Histidine is principally a tissue repairer, and is active in producing normal blood supplies.

Lysine, when inadequately provided by the diet, has been linked with pneumonia, acidosis, headaches, dizziness and incipient anemia. It also has a direct influence on the female reproductive cycle.

Methionine, if seriously lacking in the body, may cause hardening of the liver (cirrhosis), and nephritis (a serious kidney disease). It is also necessary to maintain normal body weight and aids in keeping a proper nitrogen balance in the body. (Nitrogen, a protein, is as vital to human life as it is to plant life.)

Phenylalanine is closely linked with the body's most effi­cient use of vitamin C. This means that not enough of this amino acid in the diet can result in susceptibility to infec­tions, and to other diseases connected with insufficient vitamin C.

The three remaining amino acids of the 10 essential ones are leucine, isoleucine and threonine. Their specific functions in the body have not as yet been completely explored by the scientists, although it is known that these three amino acids play a vital role in helping maintain the body's nitrogen balance, that is, the intake of proteins and the discharge of wastes and dead cells.

All 10 of these essential amino acids, plus the literally thousands of different protein combinations manufactured in your body from the original 10 (the red coloring matter in your blood, or hemoglobin as it's called for example, may contain as many as 576 different amino acid groups) must do an uninterrupted job of building, repairing and replacing, if you are to remain a living animal.

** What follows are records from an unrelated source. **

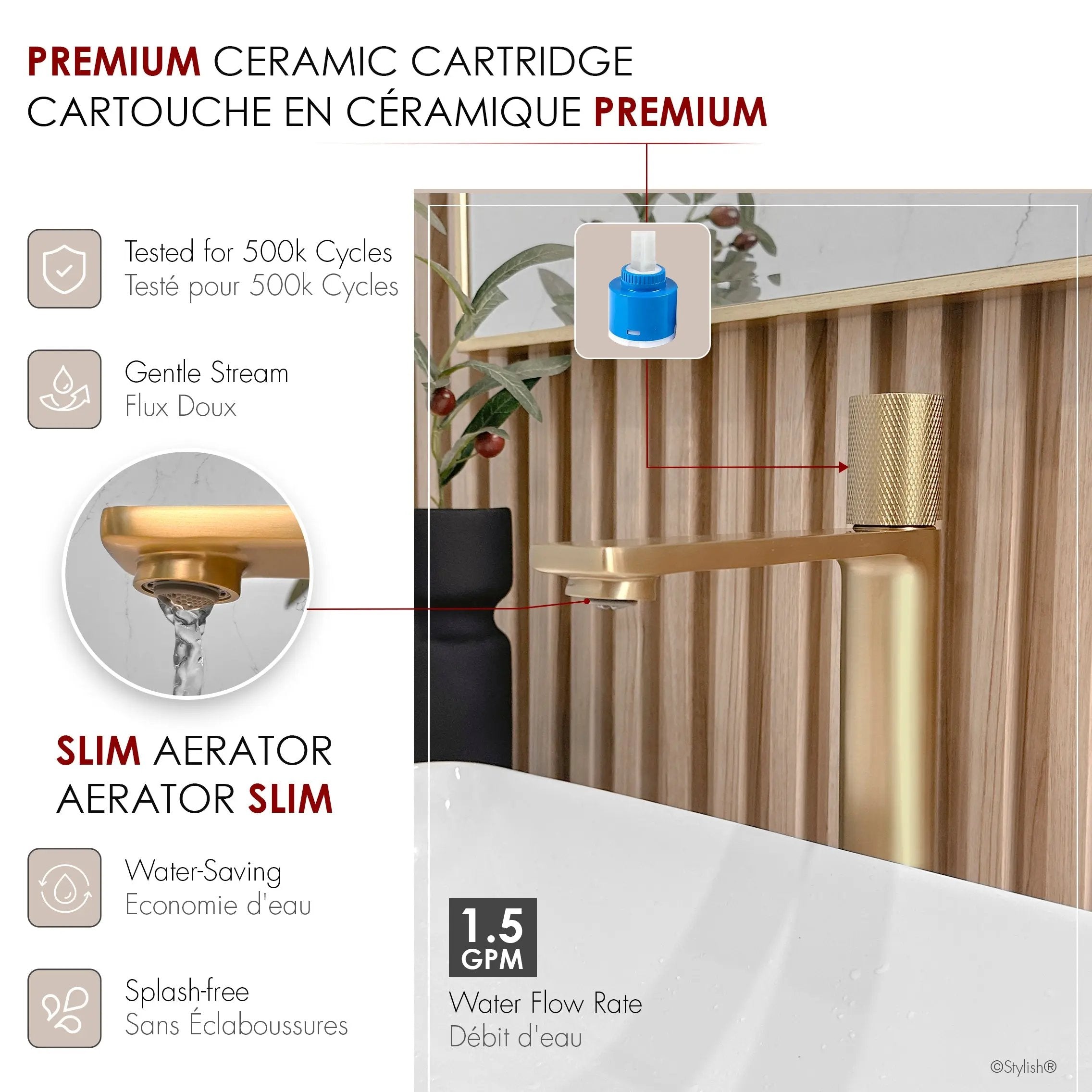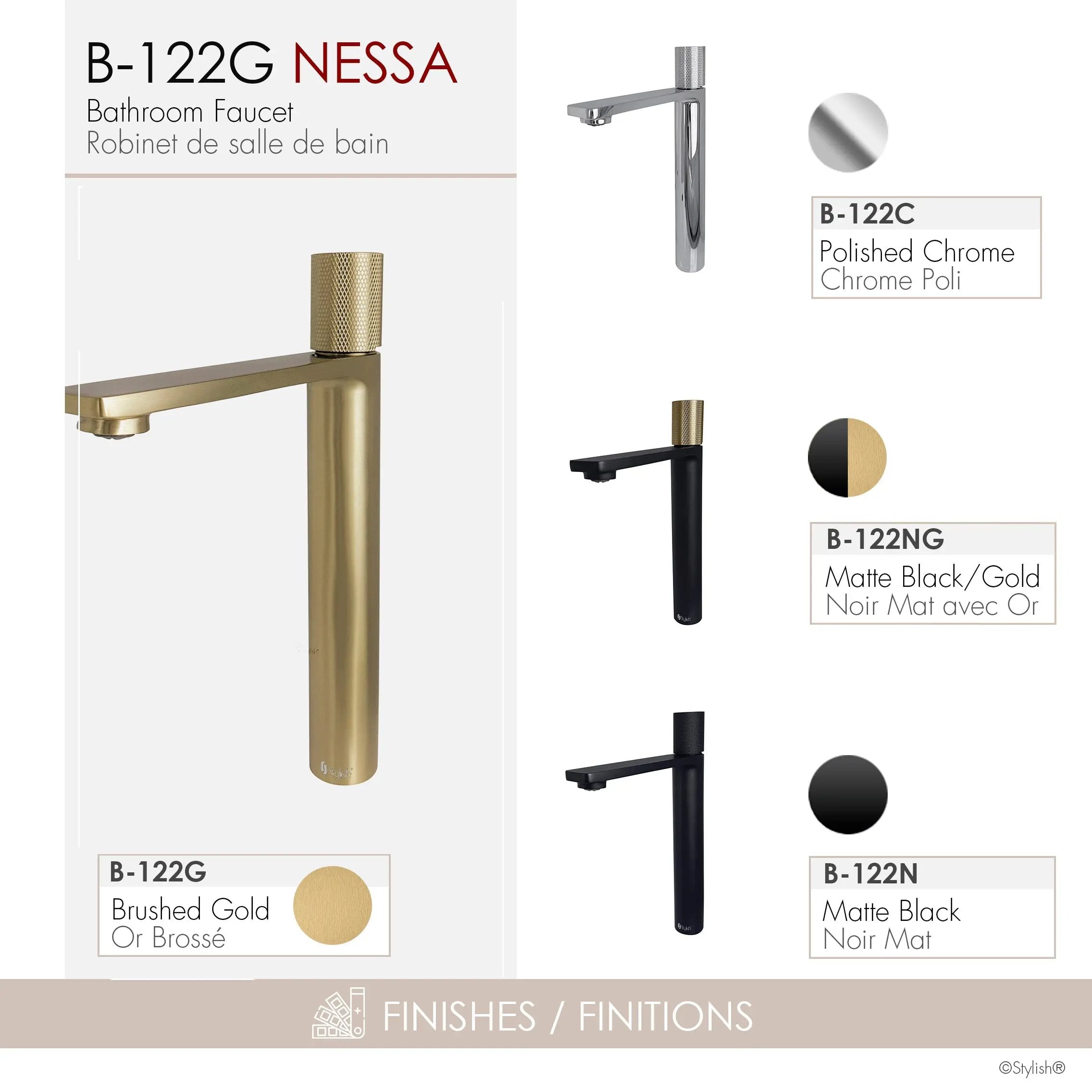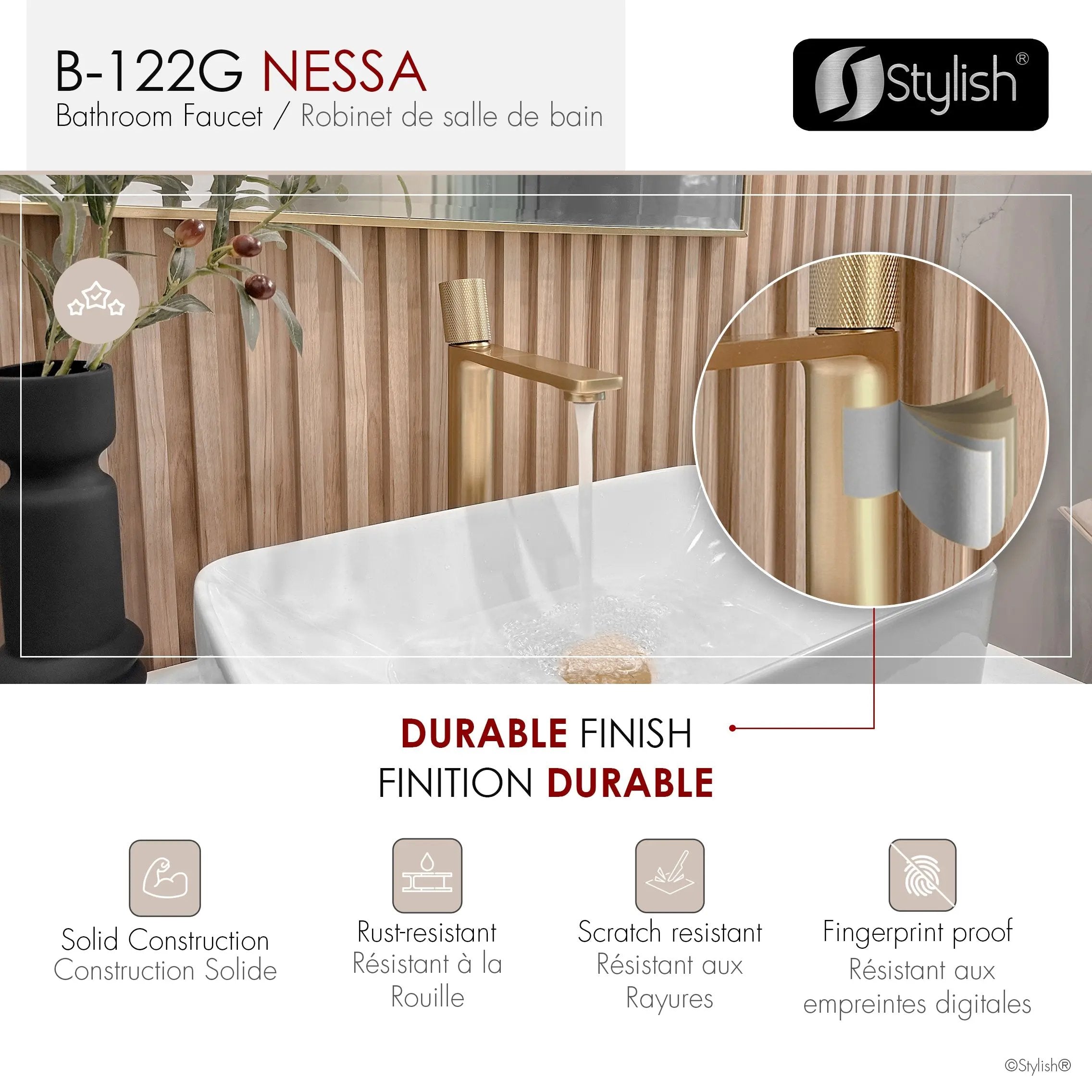 Stylish Nessa Single Handle 12 1/2" Brushed Gold Vessel Bathroom Faucet
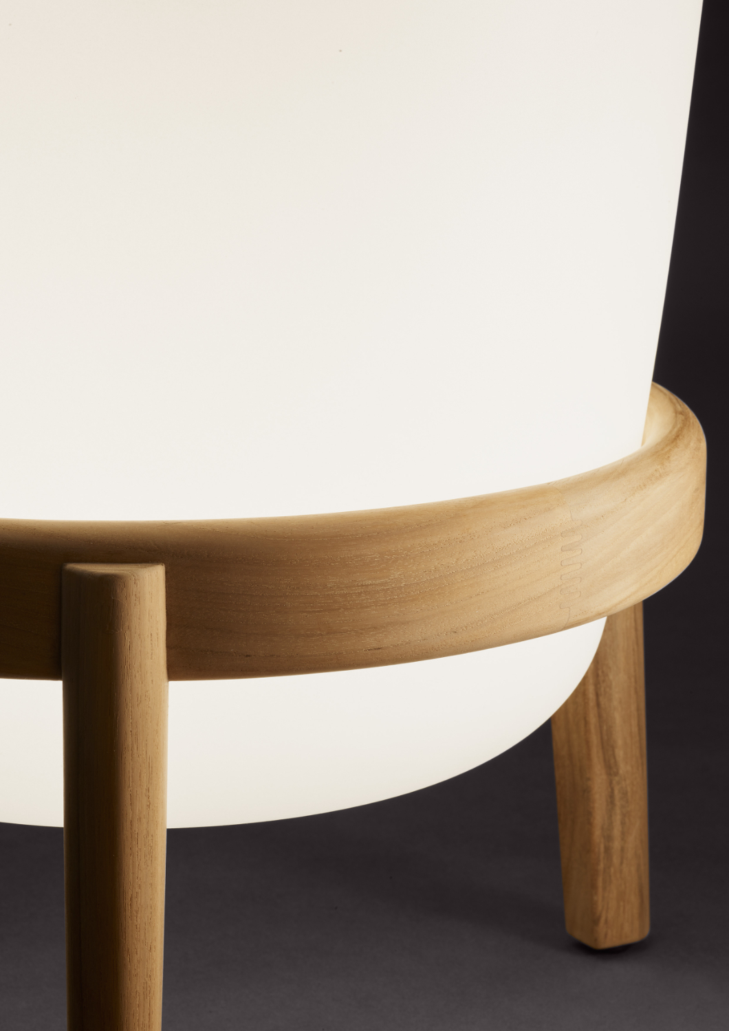 Modern - contemporary design, simple lines, warm LED light and rechargeable, this is Loon, the outdoor lamp by Dedon. Loon is a floor lamp in Loon L and Loon S versions, the base structure in teak wood and the bulb in rotomoulded polyethylene. Its ambience and elegance will appeal to everyone everywhere. Loon, the exterior of distinction.
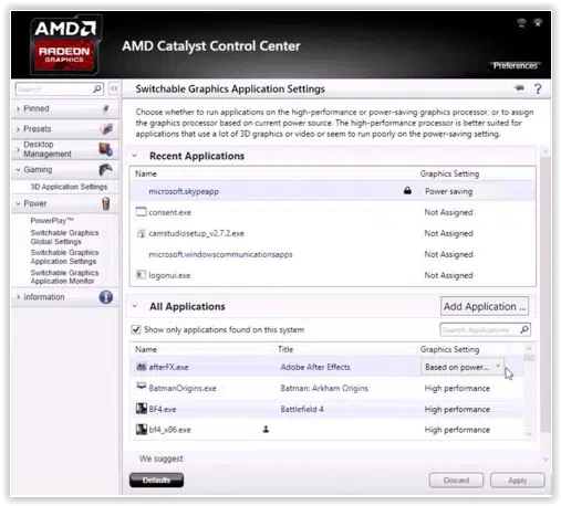 Si votre Catalyst Control Center dispose d’un onglet Graphiques commutables, recherchez votre application (par exemple, C : Program Files Bentley ContextCapture Center bin CCMaster.exe) et définissez-la à « Haute Performance ».

A red blood cell lives about thirty days. This means that every month a fresh, newly processed red blood cell must be recruited from your bone marrow into the bloodstream as a replacement for the defunct cell. The same is true of white blood cells. Kidney, bladder and intestinal cells are constantly being lost and must be replaced if these organs are to do a good job of removing wastes from your body. Skin, hair, fingernail and toenail cells are continually being destroyed and new ones must be provided. Internal and external secre­tions (such as hormones, enzymes, digestive juices, tears, skin oils) must be produced without interruption in a healthy body, since these secretions are continuously being manu­factured and produced each day in such extremely intricate body functions as digestion and sexual activity.

I don't know whether you've ever thought of it this way or not, but the fact remains that the sole reason why you eat is to provide your body with energy, and to assure your cells of enough protein for all the vitally needed repairs and re­placements.

You may think you eat because you "get hungry," or be­cause food tastes good, or because it's pleasant to share a meal with congenial companions. But actually you eat because your cells demand material (protein) for energy, and for repair work. A cell can't taste, and it isn't convivial! There­fore, Nature tricks you by your taste buds into eating, so that vital energizing and restorative processes can go on without interruption.

Please ponder this last fact for a few seconds—then re­member it the next time you are undecided between a plate of high-starch foods such as white rice or macaroni, or a plate of body-rebuilding proteins like meat, eggs, cheese, milk or seed cereals.

Dr. James S. McLester, well-known professor of medicine at the University of Alabama and one of the pioneers in treating nutritional deficiencies, says: "If a man would enjoy sustained vigor and would experience his normal expectancy ... he must eat a liberal quantity of good protein." Good protein means, of course, a complete protein—one containing all 10 essential amino acids. Meat, fish, poultry, cheese, eggs, milk and seed cereals are "good proteins." Notice, please, that Dr. McLester specifies a "liberal quantity" of good proteins, not a bare minimum.

In order to make sure that you have the correct answer to the nutrition riddle: "How much protein is enough?" your safest bet is to eat more than enough. The menus compiled for you in Part II are designed to provide at least 100 to 150 grams of high-grade protein a day. This may be fur­ther increased by between-meal snacks such as those listed in Part II.

Getting "more than enough" protein is the only way I know of to make absolutely certain that you have bolted the door against premature aging of your precious body.